Try this to check if your machine is level, it might be the cause that coffee appears in one spout first... worth a looksy

http://coffeetime.wikidot.com/levelling-the-coffee-machine


----------



## Scotford (Apr 24, 2014)

poolfan said:


> However I've noticed that I must not be tamping evenly as can see flow starting earlier from one spout before flow from both


Check that your machine is level at the group head.

Then check you're distributing properly.

Then adjust tamping.


----------



## RazorliteX (Mar 2, 2014)

Not a bad start, however one of your variables needs to change to a constant.

As above, the best constant is to keep the dose level the same. If changing the grind setting reduces/increases the dose, manually adjust until you get the same dose bang on. For reference, the finer you grind, the smaller the dose so you need to increase the grind time to compensate or manually add some more.

Also, as above changing the grind level will require you to conduct a "flush grind" to remove a mix of the old grind particle size and the new particle size. I usually do a 1-2 second mini grind and dispose of the contents.


----------



## webdoc (Jan 22, 2019)

I was weighing but with varyng levels of beans to near zero in hopper.

Culprit.

keep at least 150g in at all times otherwise it will skew your extraction.
​


----------



## poolfan (May 9, 2014)

Thanks for the help so far on thread. It really is a learning curve, however understand everyone has to go through it and know that there are loads on the forum here that have done already and can help me get there quicker.

So I've now switched to a different bean after running out of bean #1, so Round 2 of dialling in.

This bean is a bit fluffier / more volume after grinding, so switched to a 16.0g target dose size as too much leaving t he basker, I don't use a funnel.
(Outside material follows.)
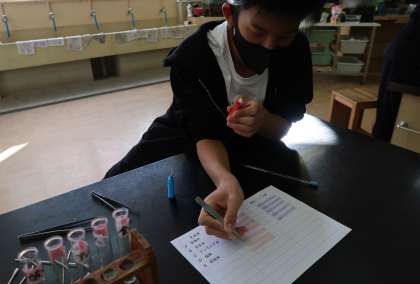 5つの水溶液について調べた班は、身近にある水溶液の性質を調べました。

QUESTION Can you confirm I'm right that the important thing to keep dose consistent when using the same bean, however can change from bean to bean

So I've pulled a few shots, increasing the yield based on tasting (sour), as follows, later one less sour, however still not close to being balanced/tasty.

16.0g in, 46.3g out, (2.9 ratio) 45seconds

16.0g in, 55.7g out, (3.5 ratio) 50seconds

Based on the results above, as I'm already at a ratio of 1:3.5 qnd extended time of ~50seconds (includes 10s of pressure ramp), I conclude that rather than continue to increase yield at this grind setting, I just need to increase grind setting finer to increase extraction potential of bean, and restart the dialling in process on yield at new grind setting like before. Is this correct?


----------



## Rob1 (Apr 9, 2015)

poolfan said:


> Thanks for the help so far on thread. It really is a learning curve, however understand everyone has to go through it and know that there are loads on the forum here that have done already and can help me get there quicker.
> 
> So I've now switched to a different bean after running out of bean #1, so Round 2 of dialling in.
> 
> ...


1. Yes. Keep dose consistent when dialling in, your dose will change depending on density of the bean.
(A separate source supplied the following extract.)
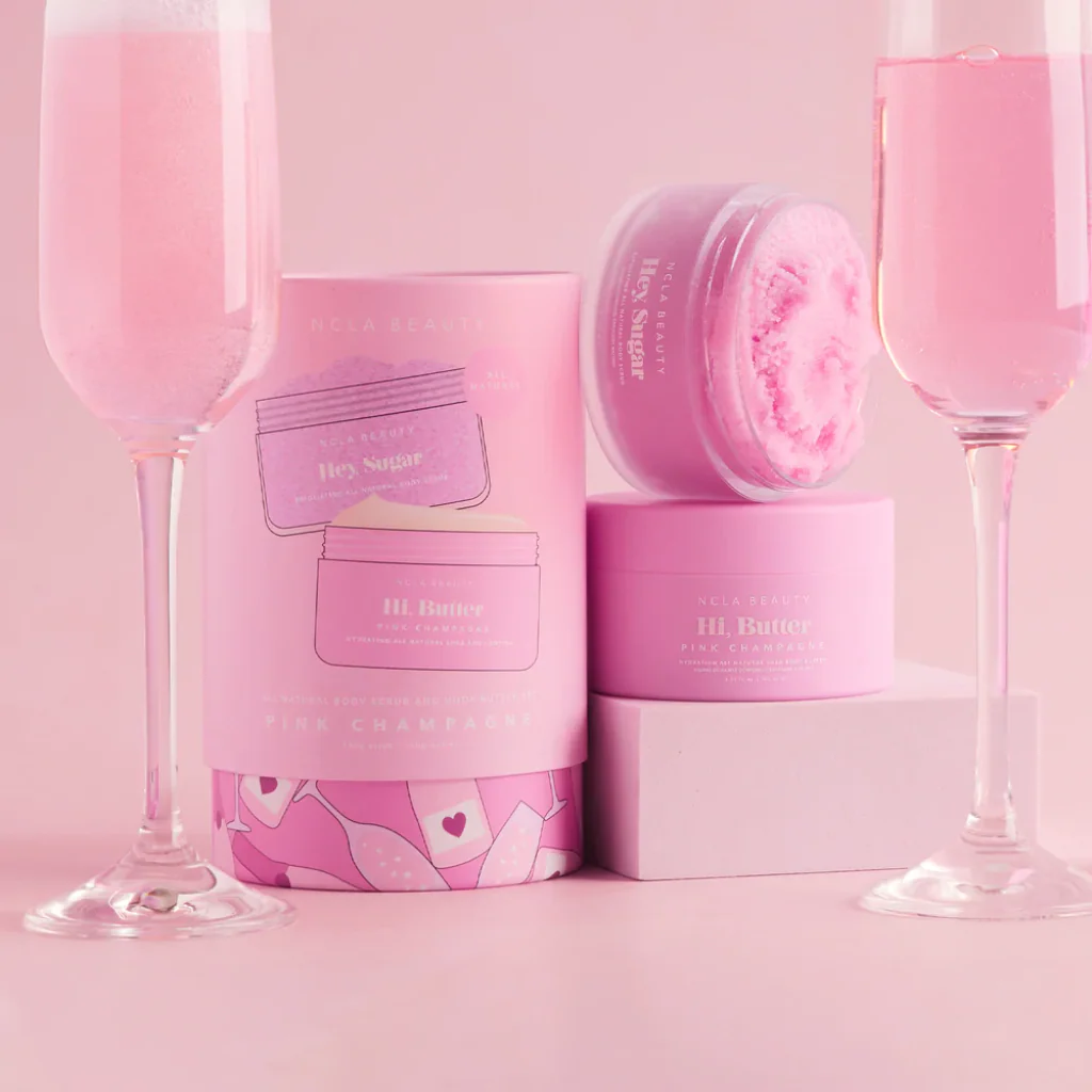 Luonnonkosmetiikan vartalonhoitosetti pirskahtelevalla ja makealla pinkin kuohuvan tuoksulla! Sisältää vartalokuorinnan ja vartalovoin, jotka tekevät ihosta ihanan sileän vain minuuteissa.

2 . No. You are likely grinding too fine and need to go coarser. This sounds contradictory when you consider the advice for under extraction and/or sourness is to grind finer but at some point you start going backwards. If you go coarser you'll have to change your dose again unless 16g still fits in the basket without taking an impression or being disturbed by the shower screen.

What beans are you using now?

Also keep that hopper topped up, the grind gets inconsistent with varying amounts in there. You'll find you have to grind finer when the hopper is on its last shot vs full.


----------



## poolfan (May 9, 2014)

Rob1 said:


> 2 . No. You are likely grinding too fine and need to go coarser. This sounds contradictory when you consider the advice for under extraction and/or sourness is to grind finer but at some point you start going backwards. If you go coarser you'll have to change your dose again unless 16g still fits in the basket without taking an impression or being disturbed by the shower screen.
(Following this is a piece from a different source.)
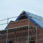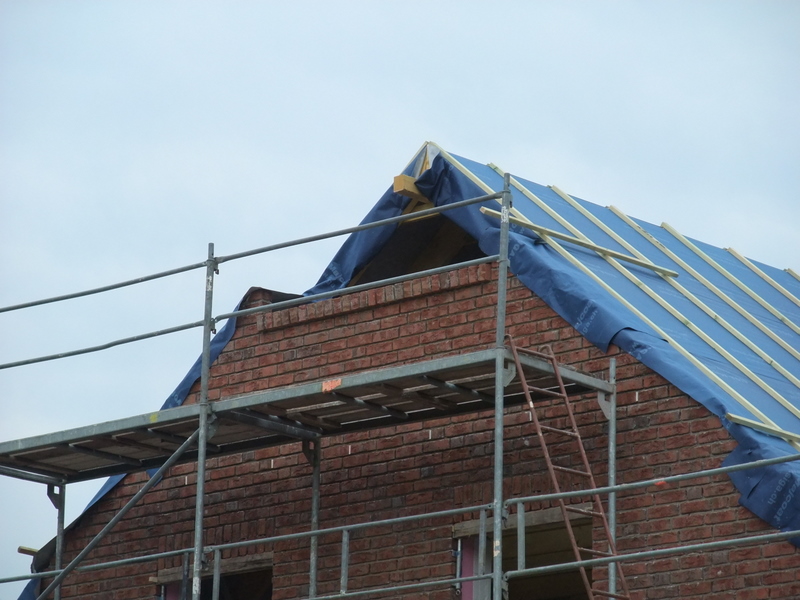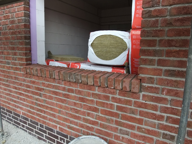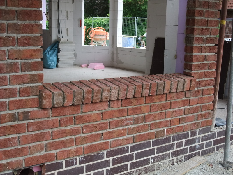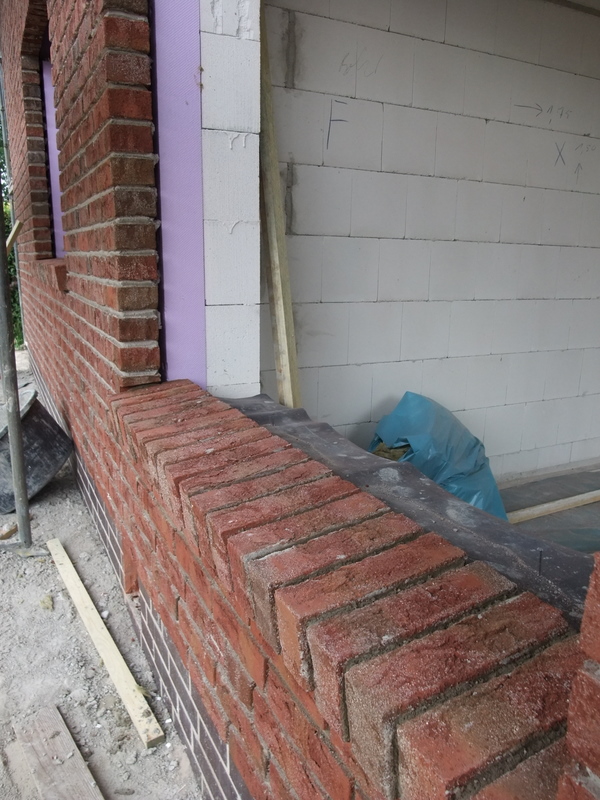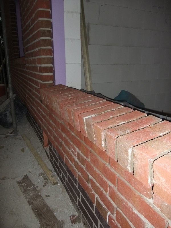 Die Außenfensterbänke wurden heute gemauert. Im Dachgiebel werden wir nun doch auf beiden Seiten ein Giebelfenster vorsehen, noch sind Änderungen möglich, die Fassade auf der Eingangsseite ist noch nicht bis oben gemauert und verblendet.

tks, definitely wouldn't try that way unless advised.



Rob1 said:


> What beans are you using now?
> 
> Also keep that hopper topped up, the grind gets inconsistent with varying amounts in there. You'll find you have to grind finer when the hopper is on its last shot vs full.


I'm using Rave's Chatswood Blend now.

Am keeping plenty in the hopper now, I'm learning in small steps


----------



## poolfan (May 9, 2014)

So I adjusted the grind coarser, and hey presto, the shots got better, so you were bang on, tks!!

So to capture the lesson learnt, does this sound right - for a given initial grind setting when dialling in a new bean, if the usual recipe adjustments don't seem to be working (e.g. higher yield if sour) and shot time long (~50s) or brew ratio getting high (>3.5), then likely culprit is that a have started with too fine a grind, and try a coarser grind and restart dialling in again.


----------